EXERCISE REQUIREMENTS:
Would you repeat the whole listing exactly, pictures excluded?

[[ INPUT DATA open ]]

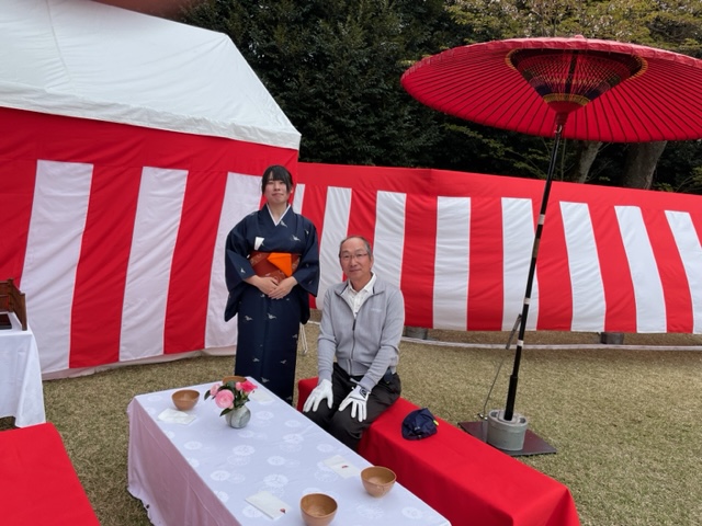 ここでお茶会。何年も桜の時期に来てますが、このお茶会に当たったのは初めてです。写真をどうぞご覧くださいませ。
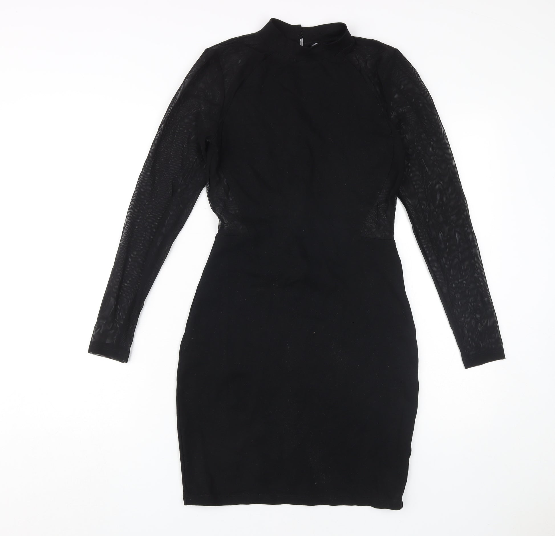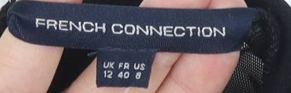 This stunning French Connection dress is perfect for any party or cocktail evening, crafted in a classic black hue. The dress showcases an elegant sheath style silhouette that elevates the figure with its form-fitting design. With its knee-length cut and high neckline, it exudes sophistication and class, ideal for autumn and winter gatherings. The long sleeves are crafted from a jersey fabric, offering comfort while maintaining a sleek look. Made from a blend of rayon, polyamide, and elastane, the dress ensures a flattering fit with a touch of stretch. The zip closure at the back secures the dress, while the sheer paneling adds a hint of allure. Easy to maintain, it is machine washable, making it practical for frequent wear. Despite slight wear on the edges, the garment is in excellent condition, ready to become a staple in your wardrobe.
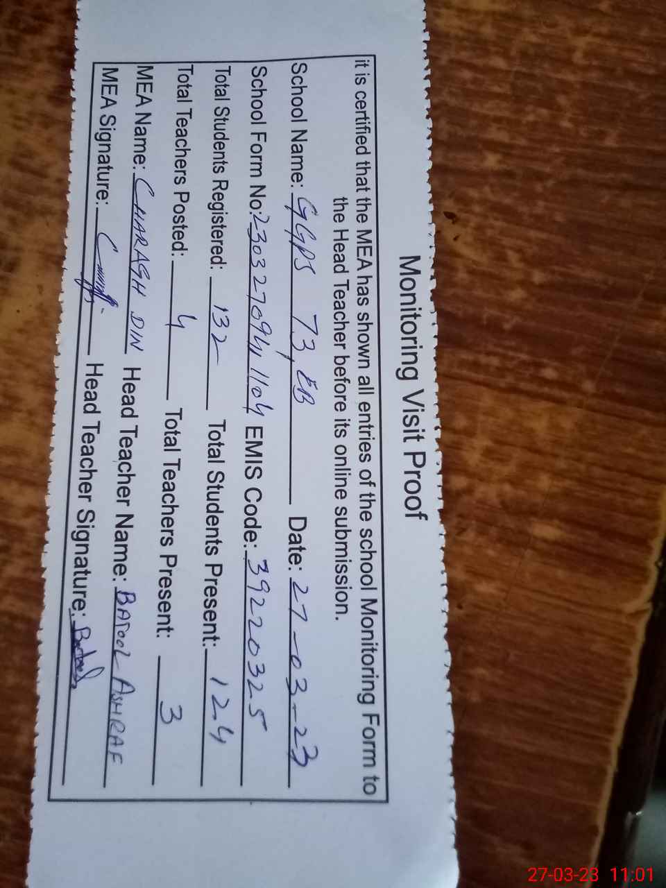 | EMIS Code: 39220325 | Name of School: GGPS 73 EB | |||

[[ INPUT DATA closed ]]

OUTPUT OF THE EXERCISE:
 ここでお茶会。何年も桜の時期に来てますが、このお茶会に当たったのは初めてです。写真をどうぞご覧くださいませ。
 This stunning French Connection dress is perfect for any party or cocktail evening, crafted in a classic black hue. The dress showcases an elegant sheath style silhouette that elevates the figure with its form-fitting design. With its knee-length cut and high neckline, it exudes sophistication and class, ideal for autumn and winter gatherings. The long sleeves are crafted from a jersey fabric, offering comfort while maintaining a sleek look. Made from a blend of rayon, polyamide, and elastane, the dress ensures a flattering fit with a touch of stretch. The zip closure at the back secures the dress, while the sheer paneling adds a hint of allure. Easy to maintain, it is machine washable, making it practical for frequent wear. Despite slight wear on the edges, the garment is in excellent condition, ready to become a staple in your wardrobe.
 | EMIS Code: 39220325 | Name of School: GGPS 73 EB | |||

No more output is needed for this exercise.